The Xtreme Football League, brainchild of World Wrestling Federation founder Vince McMahon, debuted to fanfare and promising ratings last weekend. The inaugural match-ups featured each of the league's eight teams, but the real story wasn't the feeble gridiron contests.

Sex sells. And violence doesn't hurt (ratings, at least). Neither fact was lost on NBC, whose NFL broadcasting rights flew south several years ago. The solution? Build the teams yourself and trump rival networks with an over-the-top approach to America's favorite pastime.

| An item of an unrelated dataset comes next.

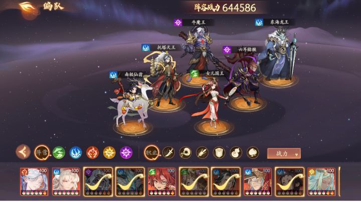 大家好!今天给大家分享几套肉队阵容,当然因为30星以上互斥bp,那么这些队伍角色一般也很难拿到,这里就不做讨论,今天分享几套在30星之前的上分阵容。这几套都是我之前打的时候用过的,大家可以根据环境的不同选择不同的肉队阵容,当然如果有更好的阵容小伙伴们也可以在评论区补充讨论。那我们话不多说,直接进入主题。●阵容推荐一前排:龙王,黑猴,女儿后排:牛魔王,南极仙翁,拖塔天王说一下我个人的披

Enter McMahon, whose successful WWF Smackdown! put the fledgling UPN on the map. His style-sexed-up, rowdy, and testosterone-charged-seemed a perfect fit for NBC's sporting experiment.

McMahon's XFL borrows from its wrestling roots, featuring scripted pre-brawl players' rants and edgy, dramatized commentary. Official analyst Jesse Ventura, Minnesota's gubernatorial gaffe, adds his "insight" to XFL broadcasts. The contests also feature helmet mics for the players and an array of new camera angles, including showing much more of the action from a behind-the-offense perspective. The pigskin also got a dye-job-XFL balls are black and red.

Football fans will note the XFL's minor rule changes, which attempt to infuse more aggression into an already confrontational sport. Gone is the "fair catch" punt return, and a post-TD kick through the uprights won't garner an extra point. Teams have to run the ball or pass from the two-yard line to get the full seven.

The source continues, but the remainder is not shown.